Activity. Retype the data that follows exactly. No pictures belong in the copy.

(Data records)
== Segment start ==

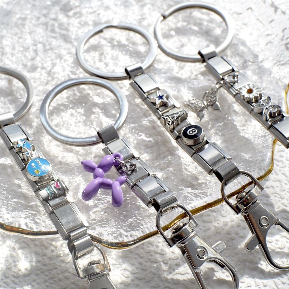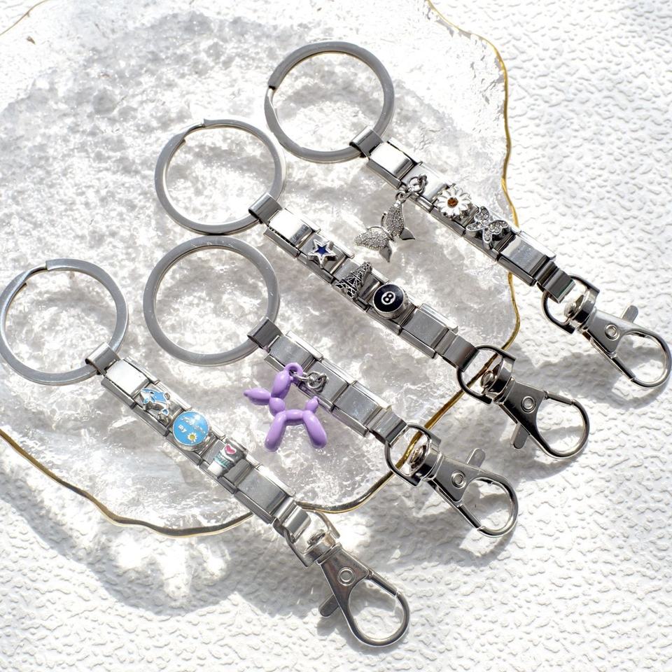 พวงกุญแจสไตล์อิตาลี DIY แฟชั่น ลูกบอลสแตนเลส รูปสุนัข ของขวัญคริสต์มาสสำหรับเพื่อน แบบโมดูล
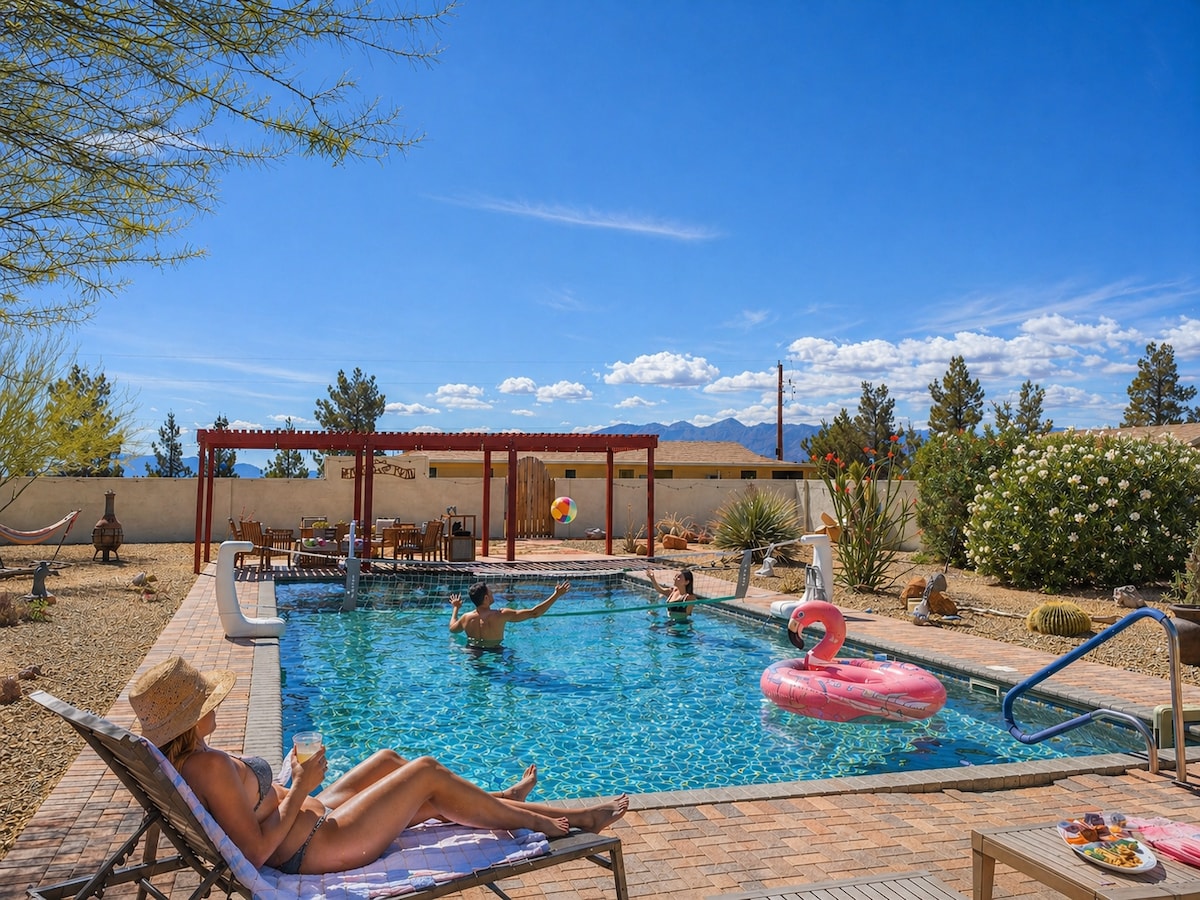 我們美麗的 Cabernet Cabana 泳池小屋位於莫哈韋沙漠(Mojave Desert),距離 Charleston Peak 酒莊僅幾步之遙,是你和同行旅人理想的度假勝地。 這間 1,400 平方呎的泳池小屋可舒適地容納 6 人,配備私人泳池和按摩浴缸,並提供充足的室內外空間。 這間泳池小屋坐落在一個佔地 1.5 英畝的高級社區內。 我們住在主屋。 我們的物業非常安靜、僻靜,並有圍牆圍繞。 有很多活動可做,包括桌球、飛鏢、馬蹄鐵、遊戲等。
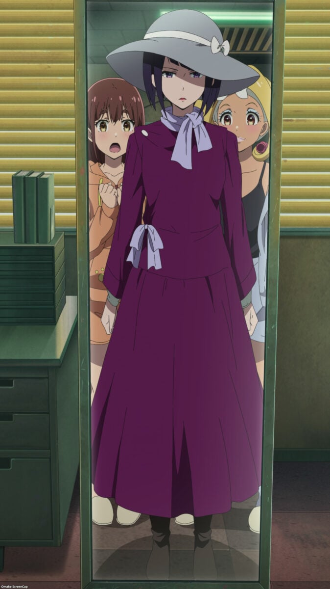 Ah. Mr. Black Turtleneck has a name. Mr. Suehiro. Does that mean we won’t have to remember his name by the next Akiba Maid War episode? Eeeh! Maids can’t date their customers! Of course. The bringer of bad luck instantly agreed for Ranko, then set an appointed time. Tenchou thinks Suehiro is a banker because he carries a metal attaché case. Does she not remember what town she works in? His fashion choices scream “hitman.” Ack. I thought Mr. Turtleneck was in the panda costume! I was wrong. So, who’s in there?
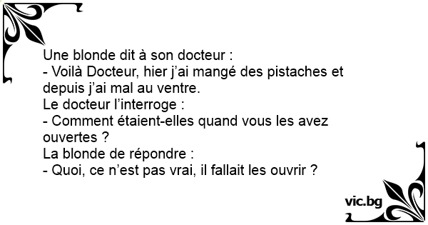 - Voilà Docteur, hier j’ai mangé des pistaches et depuis j’ai mal au ventre.
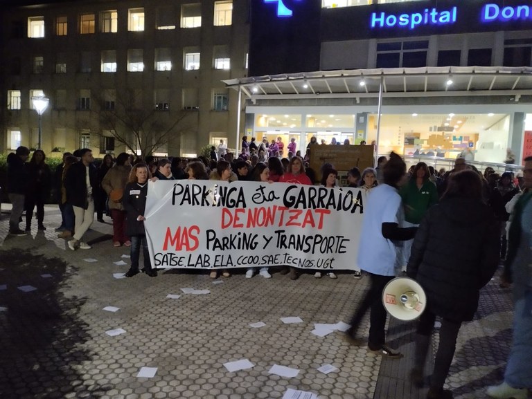 La plantilla del Hospital Donostia ha realizado una concentración para denunciar que debido a las obras del nuevo edificio se han deshabilitado las plazas de aparcamiento para la plantilla, además de reducirse también el número de plazas en el parking privado.
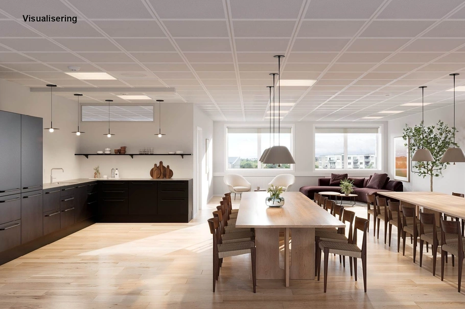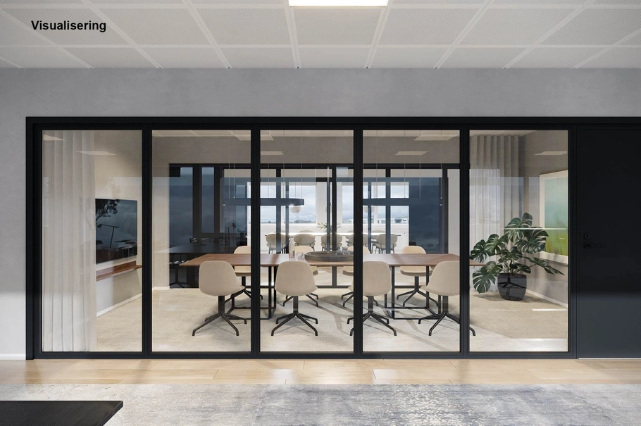 Lejemålet har således en naturlig belysning fra de store vinduer, som skaber en indbydende og behagelig atmosfære. Lejemålet er indrettet funktionelt, og består af et storrumskontor, 10 cellekontorer/mødelokaler i varierende størrelser, samt flere praktiske faciliteter, såsom et mindre tekøkken, toiletter, samt server- og kopirum. I ejendommens stueetage er der desuden fælles badefaciliteter, der deles med andre erhvervslejere i bygningen, hvilket yderligere forbedrer bekvemmeligheden.

== Segment end ==

Exercise output.
 พวงกุญแจสไตล์อิตาลี DIY แฟชั่น ลูกบอลสแตนเลส รูปสุนัข ของขวัญคริสต์มาสสำหรับเพื่อน แบบโมดูล
 我們美麗的 Cabernet Cabana 泳池小屋位於莫哈韋沙漠(Mojave Desert),距離 Charleston Peak 酒莊僅幾步之遙,是你和同行旅人理想的度假勝地。 這間 1,400 平方呎的泳池小屋可舒適地容納 6 人,配備私人泳池和按摩浴缸,並提供充足的室內外空間。 這間泳池小屋坐落在一個佔地 1.5 英畝的高級社區內。 我們住在主屋。 我們的物業非常安靜、僻靜,並有圍牆圍繞。 有很多活動可做,包括桌球、飛鏢、馬蹄鐵、遊戲等。
 Ah. Mr. Black Turtleneck has a name. Mr. Suehiro. Does that mean we won’t have to remember his name by the next Akiba Maid War episode? Eeeh! Maids can’t date their customers! Of course. The bringer of bad luck instantly agreed for Ranko, then set an appointed time. Tenchou thinks Suehiro is a banker because he carries a metal attaché case. Does she not remember what town she works in? His fashion choices scream “hitman.” Ack. I thought Mr. Turtleneck was in the panda costume! I was wrong. So, who’s in there?
 - Voilà Docteur, hier j’ai mangé des pistaches et depuis j’ai mal au ventre.
 La plantilla del Hospital Donostia ha realizado una concentración para denunciar que debido a las obras del nuevo edificio se han deshabilitado las plazas de aparcamiento para la plantilla, además de reducirse también el número de plazas en el parking privado.
 Lejemålet har således en naturlig belysning fra de store vinduer, som skaber en indbydende og behagelig atmosfære. Lejemålet er indrettet funktionelt, og består af et storrumskontor, 10 cellekontorer/mødelokaler i varierende størrelser, samt flere praktiske faciliteter, såsom et mindre tekøkken, toiletter, samt server- og kopirum. I ejendommens stueetage er der desuden fælles badefaciliteter, der deles med andre erhvervslejere i bygningen, hvilket yderligere forbedrer bekvemmeligheden.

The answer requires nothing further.